В тот самый день случилось происшествие, едва не погубившее и домик Сухоруковых, и подземную галерею, и самих землекопов.
Загорелся по соседству пакгауз; несмотря на дождь, пламя взялось не шутя, повалил едкий дым, - горела пакля. Тревогу подняли ребятишки. Мамки и бабки, бросив домашние хлопоты, побежали, как были, к Сухоруковым, столпились у ворот.
- Эй, Семеновна-а-а! Пожар!
Пакгауз горел все дружнее, и уже летели искры да головешки над кровлей сухоруковского дома. Из толпы выпихнули мальчишек, те перемахнули забор, отчекрыжили деревянную задвижку на воротах, и бабы, подобрав юбки, затрусили к крыльцу. Но тут вдруг дверь с силою распахнулась, и на пороге появилась сама Марина Семеновна, простоволосая, белая, в руках - икона божьей матери.
- Стойте, бабоньки! - закричала она. - Стойте, милые! Никто, как бог! - и воздела икону. - Никто, как бог!
Бабы осадили, затоптались на месте, глядя на худенькую хозяюшку в ситцевом платьишке, на ее шевелящиеся под ветром русые пряди, на заголившиеся руки с иконой.
- Да, да, голубонька, - всхлипнули бабы, - никто, как бог. Спаси и помилуй, на все его воля.
И божья воля свершилась: пакгауз исправно отпылал, домик Сухоруковых уцелел.
Марина Семеновна благодарила, крестилась, утирала глаза передником, кланялась соседкам поясным крестьянским поклоном.
А в доме ликовали. Ведь это ж надо найтись: «Никто, как бог!» Еще минута - и мамки да бабки ринулись бы спасать скарб, да и увидели бы всю честную компанию: каких-то чудных незнакомцев, перепачканных землею, худых, изможденных, с провалившимися щеками. Да и то сказать, хватило морозом по спинам: огонь близехонько, а в доме - пуды динамита!..

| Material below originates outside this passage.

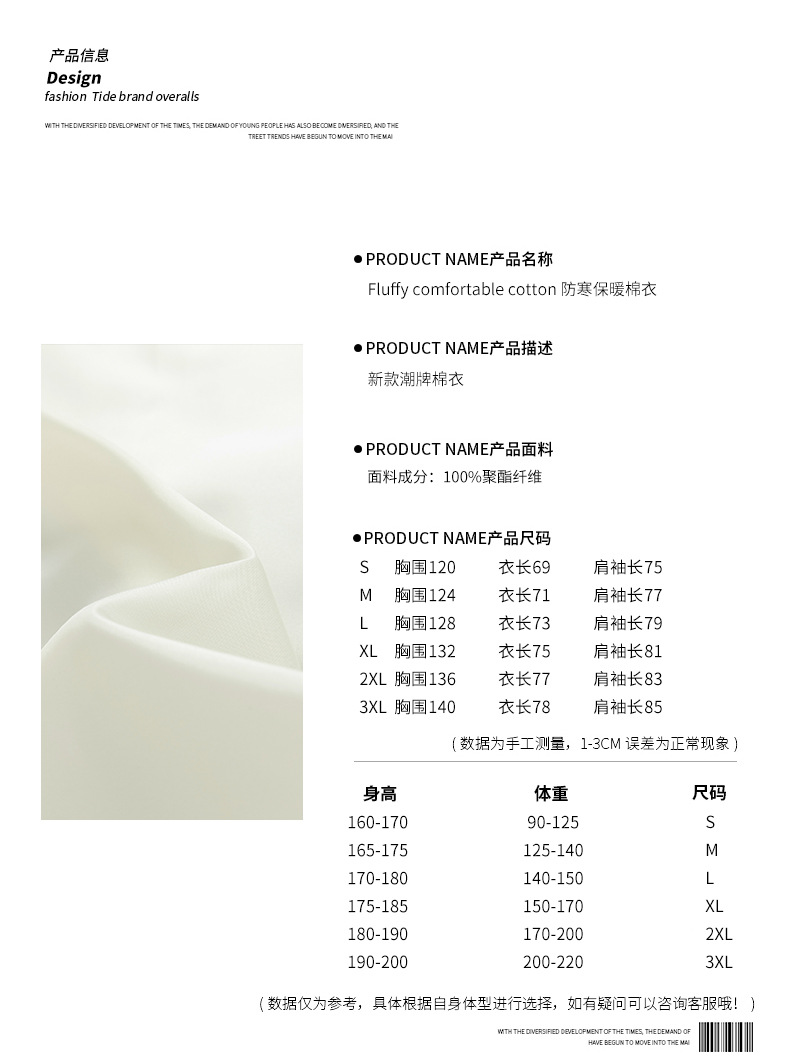 | Categoría del producto | Ropa acolchada de algodón / acolchada de algodón |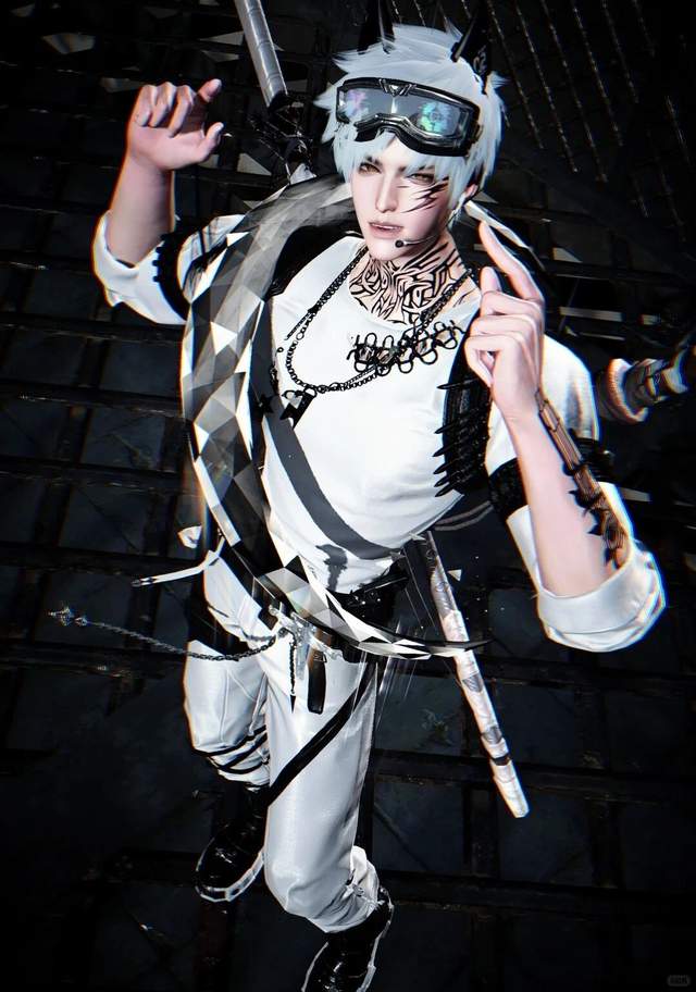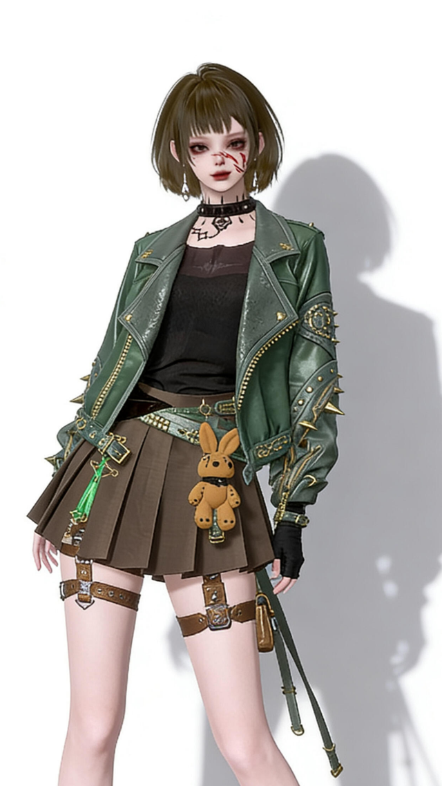 女款【寐影渡生】简直是又飒又甜的天花板,齐刘海短发利落干练,一出场就气场全开。上身以酷黑修身背心打底,外搭亮面皮质外套,衣身点缀的铆钉与金属配饰暗藏锋芒,又酷又拽氛围感拉满。下身搭配同色系百褶短裙,刚柔并济,在冷硬酷感里增添了几分灵动俏皮,又 A 又甜的风格谁看了不心动,随便截一张图都能直接当壁纸!

Уже второй месяц рыли подкоп. Далеко ушла галерея, и не то что работник задыхался - фонарик гас, воздуха ему не хватало. Все были простужены, выбились из сил, даже Михайлов не мог иной раз тащиться в номера на Лубянке, оставался ночевать.
В первых числах ноября галерея почти вплотную приблизилась к железной дороге. И подвал и чулан завалили землею, теперь волокли грунт на двор, рассыпали ровным слоем. Благо, ложилась зима, за ночь все одевало порошей.
После первых снегопадов наступила ростепель. Сперва в галерее слышалось грозное змеиное шуршание, потом ударила капель, как из прохудившегося крана. И вдруг все будто качнулось и поплыло.
Воду из подкопа выкачивали ведрами. Фонарь не горел. Студеная жижа сводила судорогой руки.
В одну из тех ночей в подкопе начал работать Волошин.
Глава 2 В АЛЕКСАНДРОВСКЕ-ГОРОДКЕ
- Эх, Софья Григорьевна, времена-то настали, а? Бывало, на бульваре встретишь своих да так на виду, не таясь, обо всем и потолкуешь. И оркестр Форхати гремит, и каштанами, пожалуйста, лакомись. Или вот в Алексеевском садике тоже неплохо устраивались. А теперь? Пойди попробуй: вместо Алексеевского садика да в Алексеевский равелин!
Вот он и опять здесь, «Сечь Запорожская», улыбалась Софья Григорьевна, глядя на оживленного, быстрого в движениях Андрея Ивановича.
А Желябов осматривался. Все в доме осталось по-прежнему, как и в то время, когда у Софьи Григорьевны сбирались народники. Миша приходил Тригони, Валериан Осинский, недавно казненный в Киеве. Споры кипели горячее кипятка в самоваре… Хорошо, что осталось все по-прежнему. И крышка рояля откинута - недавно, наверное, ученики ушли. И в аквариуме важные меченосцы, и кресло-качалка, и этот запах хороших духов и старых книг. А на стене два больших портрета: львиные лица с наискось нависшими верхними веками - Антон и Николай Рубинштейны, знаменитые музыканты. Софья Григорьевна похожа на братьев: крупное лицо, осанка маркграфини. Всегдашнее темное платье без всяких украшений.
- Ну, садитесь, садитесь, Андрей Иванович, вон и качалка ваша. А я распоряжусь по хозяйству. Извините.
Она была легальной, эта учительница музыки и пения, но ни один нелегальный не нашел бы, пожалуй, дома радушнее.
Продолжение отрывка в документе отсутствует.